Special Viewpoints

Molecular Networks: The Top-Down View

See allHide authors and affiliations

Science  26 Sep 2003:
Vol. 301, Issue 5641, pp. 1864-1865
DOI: 10.1126/science.1089118


Network theory can give a useful overview of how a biological system works. But to make testable predictions, we need the details.

The exhilarating progress of the past decade has brought an unprecedented wealth of quantitative information on living systems, from genomic sequences to protein structures and beyond. But although technical advances make data collection ever easier, investigators are increasingly concerned by their inability to gain a bigger picture. How can this growing mountain of facts be assimilated, and where will the new ideas come from that will help us gain a broader perspective?

One possibility, recently popular, is to treat living cells as a network.
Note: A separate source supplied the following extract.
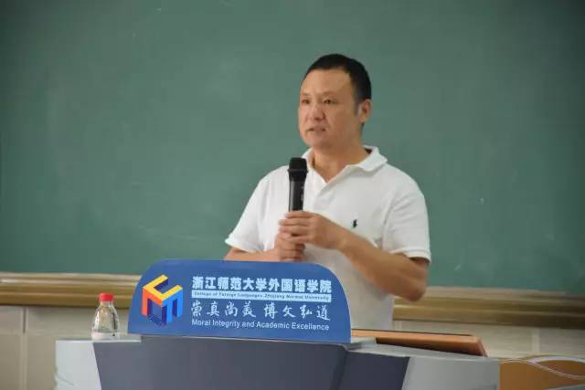 最后,俞明祥书记作总结发言,他表示6位老师的分享改变了外语课堂刻板的形象,体现了当下外语课程推陈出新、举一反三的教学模式,听后让人“很感动、很触动、很高兴、很放心”。他要求全院老师以此研讨会的成果以蓝本,全面推动外语类课程的教学改革,在课堂教学中渗透思政育人元素。教师不能只做传授书本知识的教书匠,而要成为塑造学生品格、品行、品位的“大先生”。要把知识教育同价值观教育、能力教育结合起来,把思想引导和价值观塑造融入到每一门课的教学之中。

Everything in a living cell is, of course, connected to everything else, and interactions between macromolecules through multiple noncovalent bonds are the very fabric of life. It is therefore an attractive notion that, by taking a top-down view of protein-protein interactions, enzymatic pathways, signaling pathways, and gene regulatory pathways, we will gain a better perspective of how they work. Disciplines such as engineering and the social sciences have used networks to analyze their data for many years. So why shouldn't molecular biologists use insights gained from these other fields to learn more about cells? Is this approach useful, and if so, what can it teach us?
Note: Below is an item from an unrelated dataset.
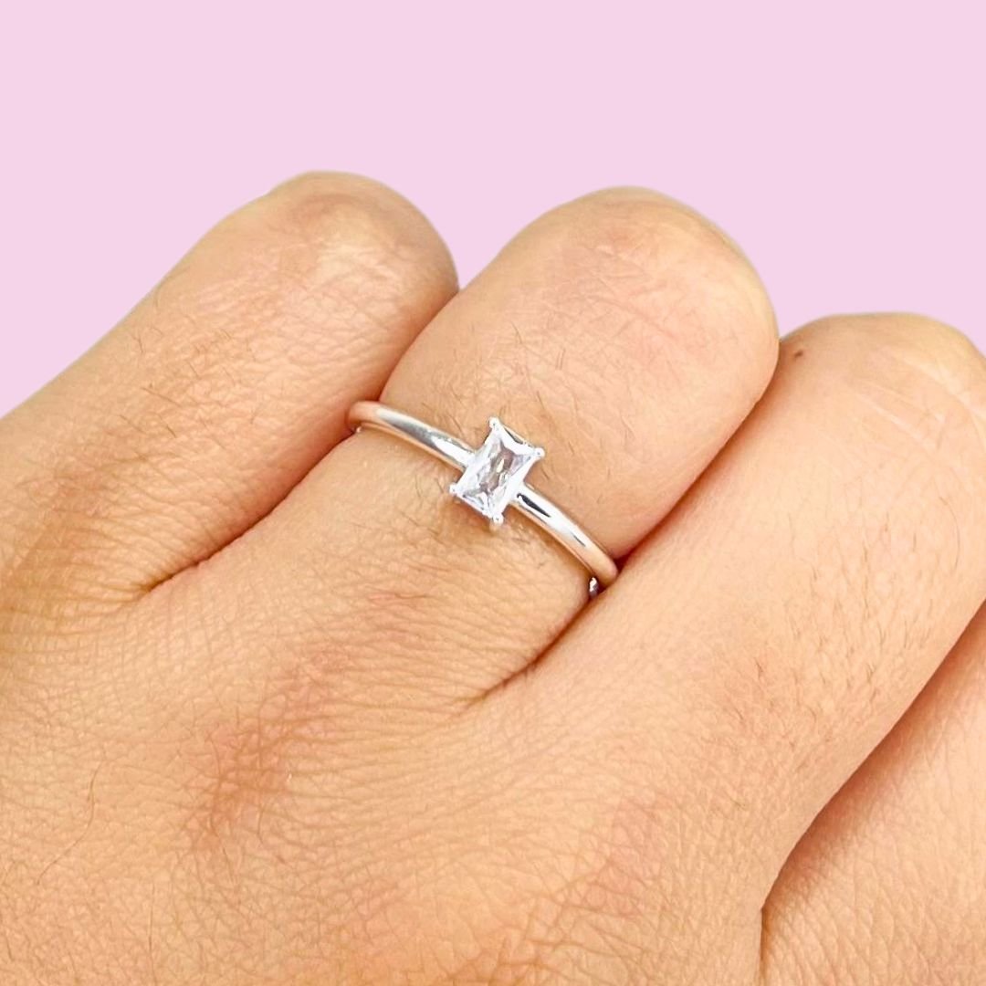 anillo Compromiso Cubic Rectangular Blanco Plata Italiana

The most basic feature of any network is its architecture, which places boundaries on how it acts and how it might have been formed. If you arrange a large collection of nodes (representing molecules in our case) in two dimensions, for example, you can connect them up in a variety of ways— by linking nearest neighbors in a regular fashion, or by selecting them at random and joining them together. A third strategy—which is of great contemporary interest because it seems to correspond to many naturally occurring networks—is to give a few of the nodes a very large number of connections and allow the rest to have relatively few (Fig. 1). These three networks will exhibit different global features, even if it is assumed that they contain the same number of nodes and the same number of connections (1). The number of connections per node for both the regular and random networks, for example, will have a roughly normal distribution with an average value that gives a characteristic “scale” to the network.

Fig. 1.

The same set of nodes can be linked together in many different ways, three of which are illustrated here. A regular network, with nearest neighbors connected, tends to be “cliquish,” having local groups of highly interconnected nodes. A random network lacks cliquishness but is easily traversed because the number of steps between any two nodes is relatively small. Scale-free networks, distinguished by the presence of a few highly connected nodes, are both cliquish and easily traversed. Most networks of interest to biologists are, of course, much larger than those shown here and require graph-theoretic methods for their analysis.
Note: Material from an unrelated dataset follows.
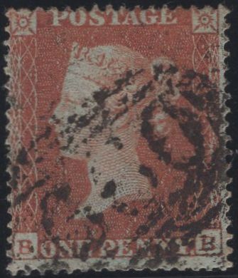 1854 DIE 1 1D RES.PL.4 (SG17)(BB). Used 1854 die 1 1d res.pl.4 S.C.16 (SG17) lettered BB, several shorter perforations at foot, cancelled slightly indistinct '660' numeral of Rugely (Staffs). (Ref 137118).

By contrast, the nodes in the third type of network range from a very few highly connected species to a large number of weakly connected species. Characteristically, the number of molecules (N) with a given number of connections (k) falls off as a power law: N(k) ∼ k g, where g is between 2 and 3. Because N(k) does not show a characteristic peak value, this type of network is often referred to as “scale free.” The average distance between any two nodes of a scale-free network (the number of intervening connections) is almost as small as the random network. On the other hand, the extent to which neighbors of a node are themselves connected (referred to as its clustering coefficient, or “cliquishness”) is almost as large as in a regular network. Scale-free networks are best known in sociology, where they have been shown to represent networks of friends in a population and are sometimes referred to as “small-world networks.” Estimates of the distance between any two of the several billion sites on the World Wide Web are said to be close to 20 intermediate links (2).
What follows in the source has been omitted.